I may just end up getting the GT-OD, in about a week and a half. How much noise do overdrive pedals add to the signal? My amp with gain all the way up with my guitar with active emgs is amazingly quiet. Will a noise suppressor be necessary? I'm asking these questions because I sold my multi-effect pedal and I'm just getting a behringer dr400, and OD pedal, maybe an EQ pedal (Danelectro Fish and Chips), and maby a noise reducer pedal if I need one.


----------



## Necky379 (Oct 23, 2010)

the gt-od is fairly quiet. if you listen closely you will hear some added noise but that's going to be there regardless of what pedal you choose, they all add a little noise. i don't use a noise suppressor with my rig and it's fine. im going to be picking up another ns-2 soon though. imo you really cant go wrong with the gt-od.
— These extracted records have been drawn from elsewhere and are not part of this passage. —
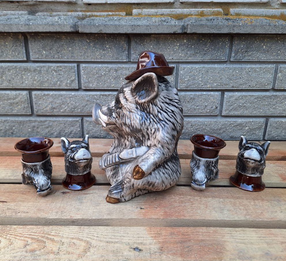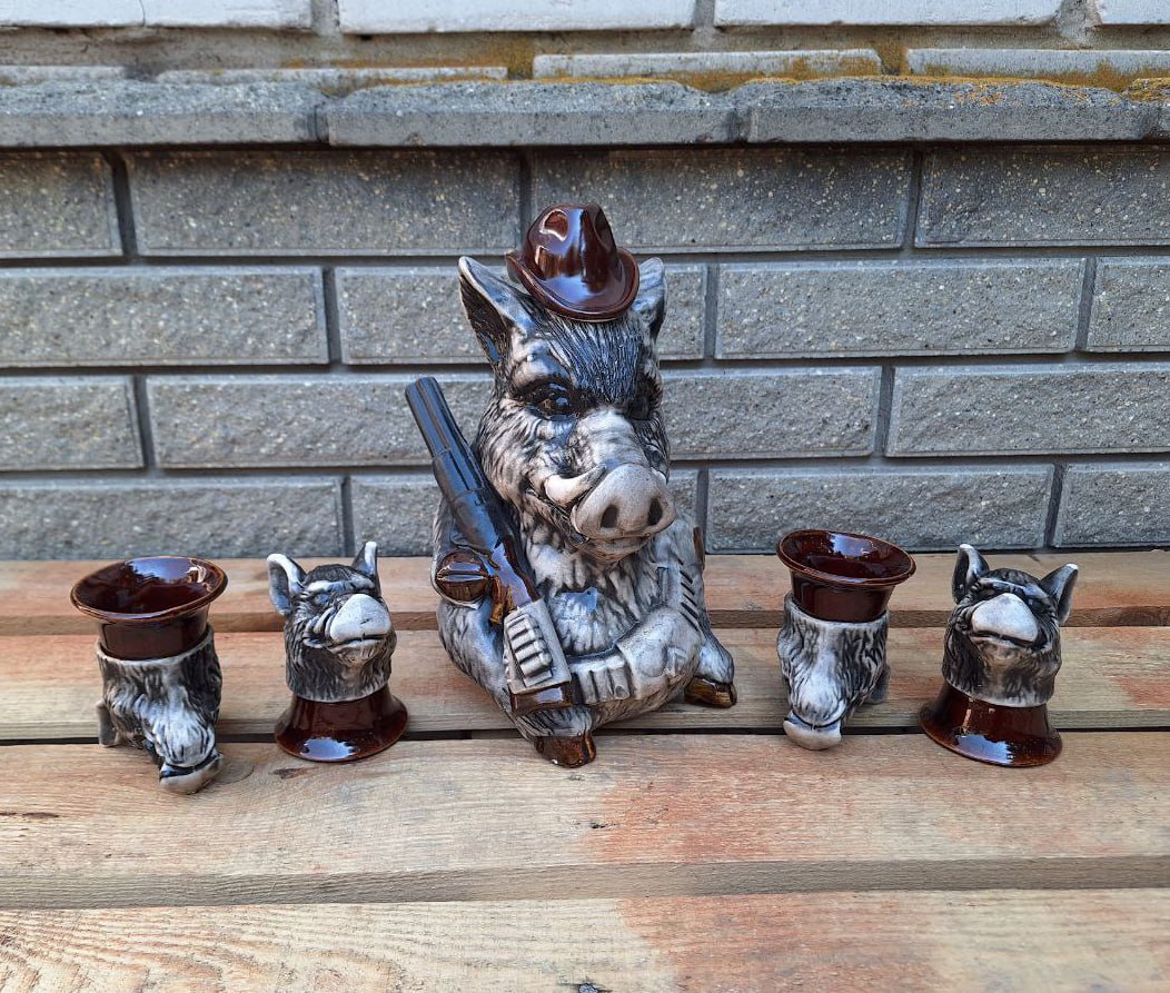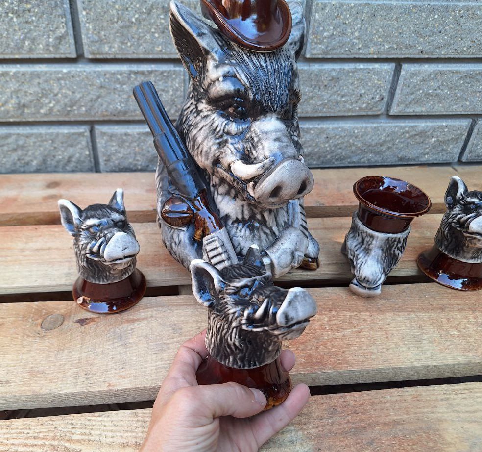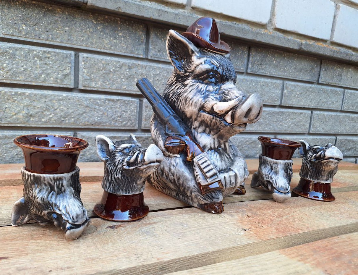 Komplekti kuulub muljetavaldav püssiga metssiga kujuke, mis on mahukas karahvin, ja neli originaalset pitsi, mis kujutavad metssigade päid. Iga detail on valmistatud hoolikalt ja huumoriga, mistõttu saab sellest komplektist suurepärane kaunistus suvilas, jahimeeste trofeetoas või lihtsalt kodubaaris.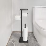 Premium Material: Constructed with 2cm thickness heavy base,19MM diameter SUS304 stainless steel rods and 1.5MM thickness SUS304 stainless steel storage shelf. A rustproof and sturdy construction toilet paper stand holder and storage set.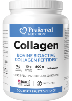 Preferred Nutrition Collagen features high-quality, grass-fed, pasture-raised bovine collagen peptides. Each daily scoop provides 10 g of absorbable, hydrolyzed collagen and 9 g of protein. This flavourless and odourless powder mixes easily into hot and cold beverages to actively support beautiful skin from the inside out.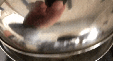 料理の仕上げに、フライパンへ加熱したスモーカーを入れて蓋をする。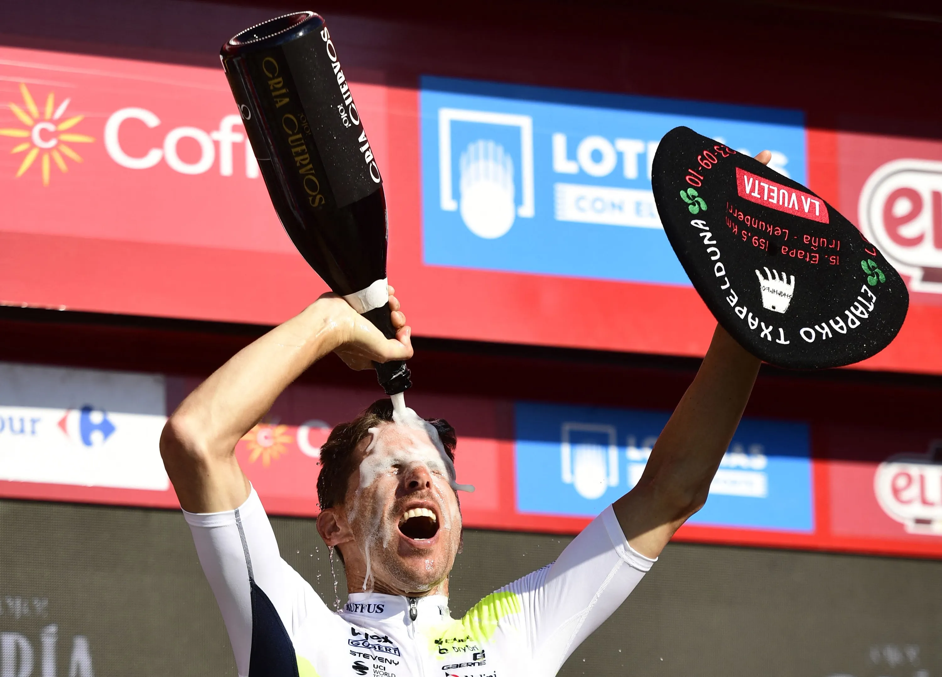 Team Intermarche Wanty's Portuguese rider Rui Costa celebrates on the podium winning the stage 15 of the 2023 La Vuelta cycling tour of Spain, a 158,3 km race between Pamplona and Lekunberri on September 10, 2023. (Photo by Ander Gillenea/AFP Photo)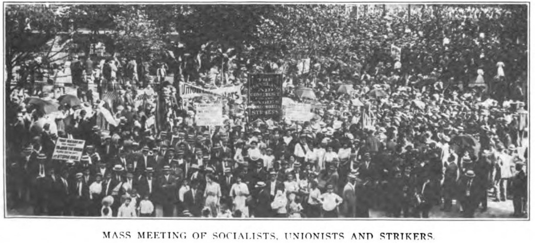 It is not to be supposed that these seven thousand men and women carrying on a contest for wages which will give them a decent subsistence and for working conditions which will enable them to live as human beings have been always peaceable and have always refrained from meeting violence with violence. Can it be expected of these workers, fighting for their very lives, that they turn the other cheek when attacked by ruffians brought into the city by their employers? But it can be said without fear of contradiction that nine-tenths of the violence which is laid at the door of the strikers has been the result of aggression on the part of the so-called “guards,” hired to create disturbances.
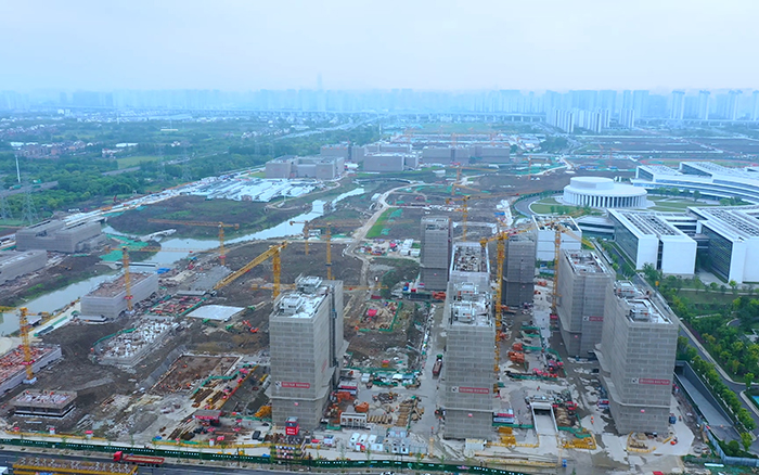 西湖大学云谷校区正一片火热,高耸的徐工群塔正挥舞长臂,紧张施工,与远处的青山绿水交相辉映,尽情展现力与美的结合 金牌影院。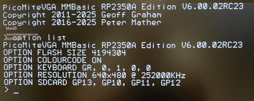 PicoMiteVGA MMBasic USB RP2350A Edition V6.00.02RC23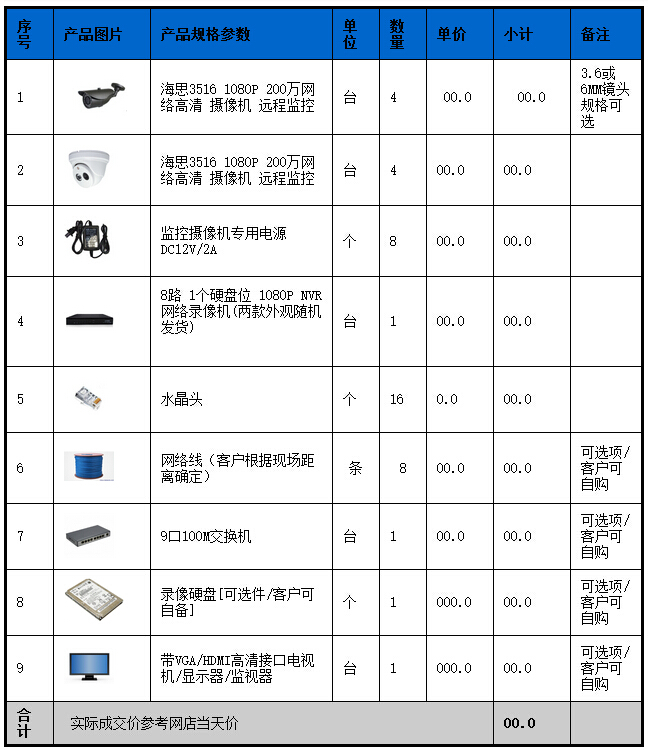 1080P 8路视频监控套餐 网络监控套餐 家用监控套餐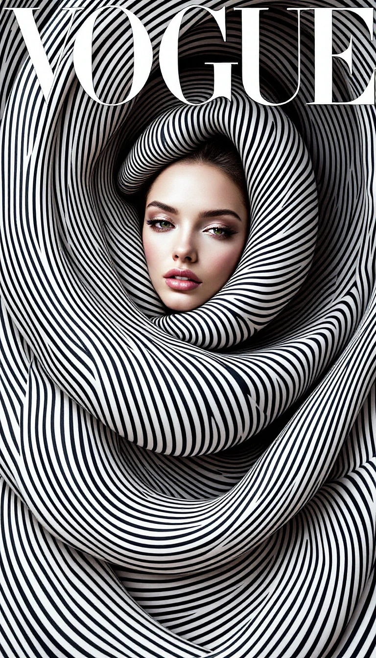 VOGUE magazine cover featuring a mesmerizing woman wrapped in a swirling vortex of stripes. The lines twist and spiral around her, blending her figure into the dynamic, surreal pattern. Her face is calm, partially hidden within the hypnotic waves of stripes, creating an otherworldly, ethereal look. The VOGUE logo in bold at the top, metallic and striking against the abstract design.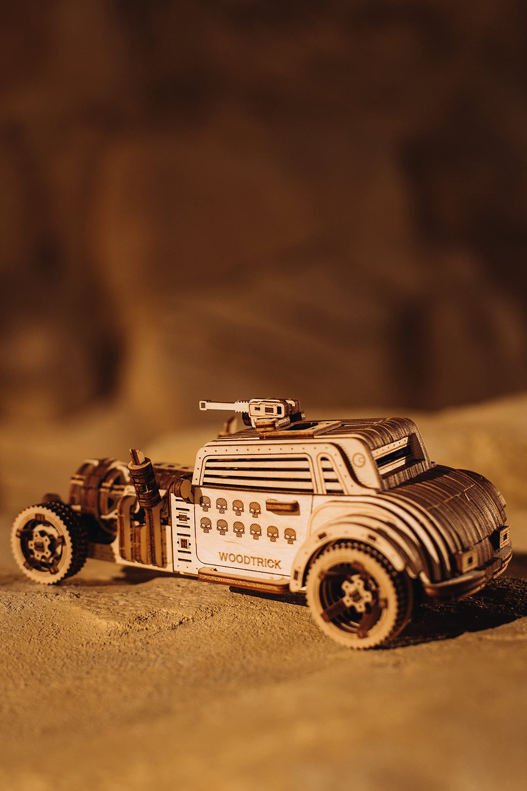 - ORIGINAL CONCEPT - Featured with weapons and safe elements, this wooden model car is made to drive in the post-apocalyptic desert. Grills on the windows, reinforced wheels and a powerful gun on the roof – this puzzle car has everything for survival in a fiction universe.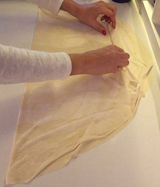 Шаг 2: На круг теста-юфки сверху добавляется соус. Пласт теста складывается пополам, как показано на рисунке.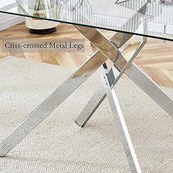Modern and Simple: The generous design of this glass dining room table creates an open and airy expression. Durable steel construction with criss-crossed legs gives this table a sleek look, and adds an elegant touch to the dining area, often suiting styles like modern, industrial decor. Architectural Pedestal Base: Supported by sturdy chrome steel legs in a criss-crossed design and finished in chrome silver. The frame with an open tubular construction not only increase the width of table legs to improve solidity. Ultra Clear Tempered Glass: This silver glass dining table features an 8mm thick safety tempered glass top for durability and a crystal tabletop that always shines. Maintenance is a breeze - they are stain-resistant and can be wiped down with a damp cloth for daily use. Ideal for Small Space: A glass kitchen table is an excellent choice for those looking to balance style and practicalit. Perfectly accommodates 4-6 people. The transparent glass tabletop enhances visual space, which makes it a great choice for small spaces dining room apartments. Well-packaged & After-sales: Each glass table is drop-tested and all edges are protected to avoid breakage or damage before it arrives at their destination. If you receive the product damaged or use it unsatisfactorily. Please contact us by email, our will help you resolve the issue in an earnest manner.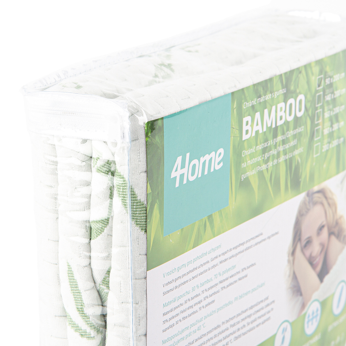 Doprajte si maximálne zdravý spánok. Tento unikátny chránič matraca Bamboo prinesie vašej posteli dokonalú čistotu i pohodlie. Je mäkký, priedušný a vďaka obsahu blahodarných bambusových vlákien má tiež prirodzené antibakteriálne a hypoalergénne vlastnosti. Pravidelné používanie chrániča predlžuje životnosť vášho matraca a bráni prenikaniu potu aj špiny do matraca, zaručí tak dokonalú hygienu vášho lôžka. Chránič matraca ľahko zvlečiete a vyperiete, takže údržba je takmer bez práce.V rohoch chrániča sú praktické gumy pre jednoduché uchytenie k matracu – zostane tak vždy na svojom mieste. Je vhodný na matrace s maximálnou výškou 30 cm.Chránič matraca je opatrený certifikátom Öko-Tex Standard 100.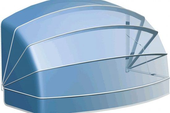 La tecnica di costruzione le permette di raggiungere forme di qualsiasi curvatura anche in dima, in tal modo possono dare forma allo spazio disegnando ovoidali o ellittiche. Dimensioni massime: larghezza 6,00m e sporgenza 1,80 m. La verniciatura è avorio, bianca e grigia di serie.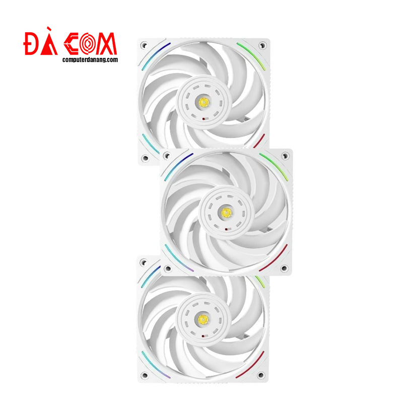 Bộ ba quạt 120mm ARGB đi kèm không chỉ có khả năng tạo luồng gió mạnh mẽ mà còn tích hợp hệ thống đèn LED ARGB đồng bộ với bo mạch chủ. Người dùng có thể dễ dàng tùy chỉnh hiệu ứng ánh sáng thông qua các phần mềm điều khiển RGB, từ đó biến dàn PC trở nên nổi bật và cá nhân hóa theo phong cách riêng.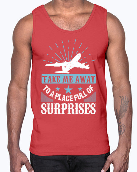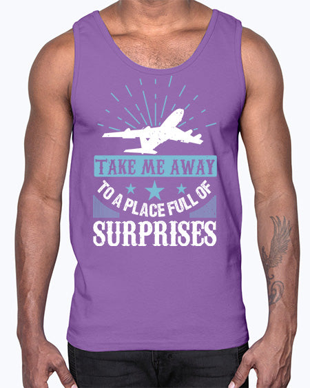 take me away to a place full of surprises 37#- airplane- Cotton Tank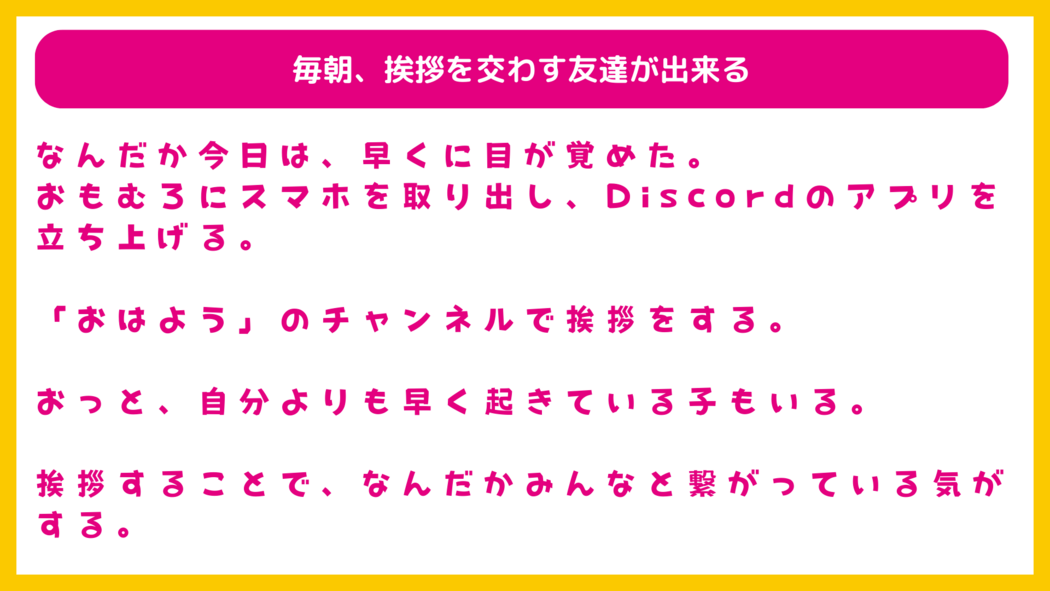 不登校の子どもたちのオンラインコミュニティにて、子どもたちのお兄ちゃん・お姉ちゃんとして、楽しく雑談をしていただきたいです。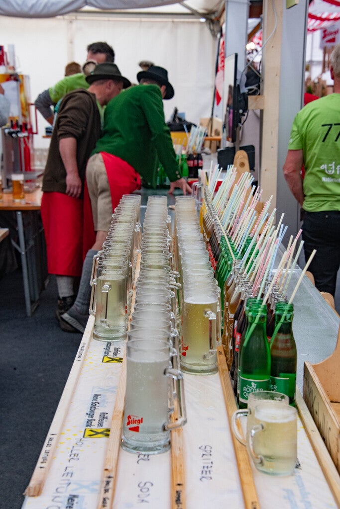 Der Stiegl-Chef Heinrich Kiener war persönlich anwesend (sehr selten) und hat ein Holzfass mitgebracht. Das kam natürlich super an, als der Landeshauptmann den Hahn reingeschlagen hat und das Bier floß !!!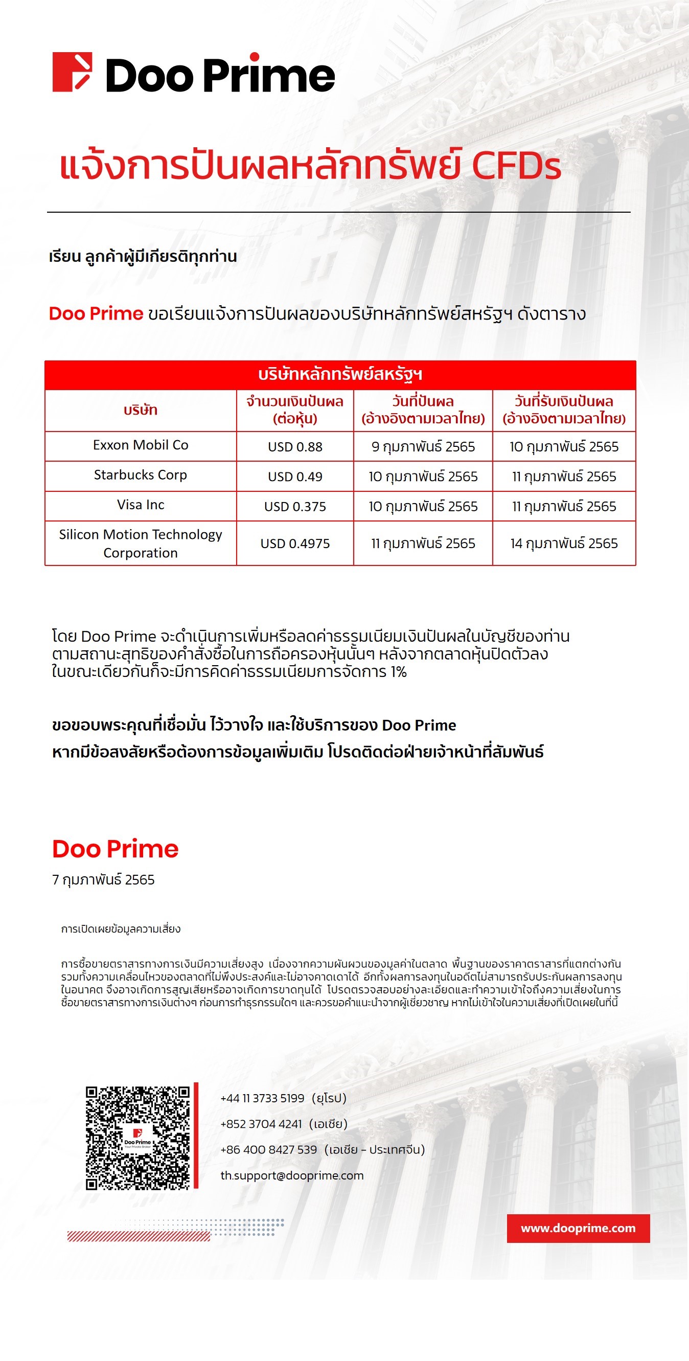 Doo Prime แจ้งการปันผลหลักทรัพย์ CFDs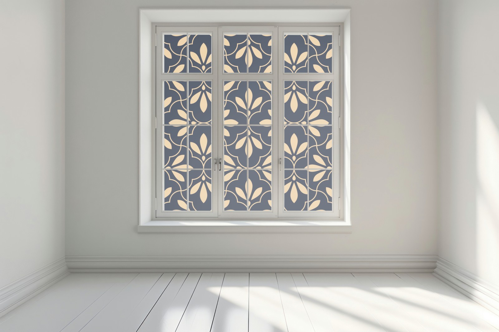 Elegantes marineblau-beiges Ornament, das jedem Innenraum zeitlose Eleganz und Wärme verleiht, ideal für Akzentwände und dekorative Drucke.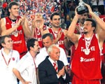 Avrupa şampiyonası eleme grubu maçları için son hazırlıklarını yapan Türkiye, Konya'da düzenlenen Efes Pilsen World Cup 7'de Bosna Hersek'i 76-70 yendi ve şampiyon oldu. Ay-yıldızlılar, bu sonuçla Zafer Bayramı'nda Türkiye'ye şampiyonluk hediye etti. İlk çeyreği 16-15 önde tamamlayan 12 Dev Adam, devreye de 38-34'lük üstünlükle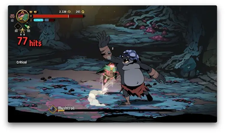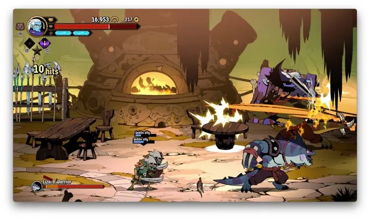 Dicho lo anterior, te cuento que sin importar al personaje que elijas, su principal ataque son golpes melee directos con sus extremidades, solo Brome ocupa su bastón y su lengua para agredir, pero lo que te quiero decir con esto es que Absolum es un brawler en toda la extensión del término. Además de dichos ataques base, tenemos el uso de un arma. Por ejemplo, Galandra puede coronar un combo de golpes con un espadazo, Erik lanza un devastador disparo con su arma de fuego, y Cider tiene una especie de gancho para jalar enemigos. La rana, siendo la más distinta, genera una bola de energía que golpea en dos direcciones. Nuestro trabajo es mezclar estas dos formas de ataque para generar los combos más largos que podamos.

as far as the eq pedal goes, they're really helpful if you're willing to take the time to tweak. im running a gt-od in front of my amp and a ge-7 eq in my loop. this setup gives you a ton of control over your sound but it was very time consuming to get right. with the eq minor changes make dramatic differences so take your time and dont go crazy with the boosts and cuts, be subtle.


----------



## XxImGuitardedxX (Oct 23, 2010)

Necky379 said:


> the gt-od is fairly quiet. if you listen closely you will hear some added noise but that's going to be there regardless of what pedal you choose, they all add a little noise. i don't use a noise suppressor with my rig and it's fine. im going to be picking up another ns-2 soon though. imo you really cant go wrong with the gt-od.
> 
> as far as the eq pedal goes, they're really helpful if you're willing to take the time to tweak. im running a gt-od in front of my amp and a ge-7 eq in my loop. this setup gives you a ton of control over your sound but it was very time consuming to get right. with the eq minor changes make dramatic differences so take your time and dont go crazy with the boosts and cuts, be subtle.


 
Cool thanks. Just so that I dont mess anything up, can I have your or anyone elses opinion on how I should set my pedals. Right now I have a BOSS RC-2 looper and BBE Sonic Stomp pedals and they go into the effects loop of the amp. I'm going to buy a delay pedal, OD, and eq pedal. I know the od goes after the guitar and the eq pedal goes in the effects loop, does the delay/reverb pedal goes in there as well? If I get a noise reducer pedal should I put that in the effects loop with all them pedals?


----------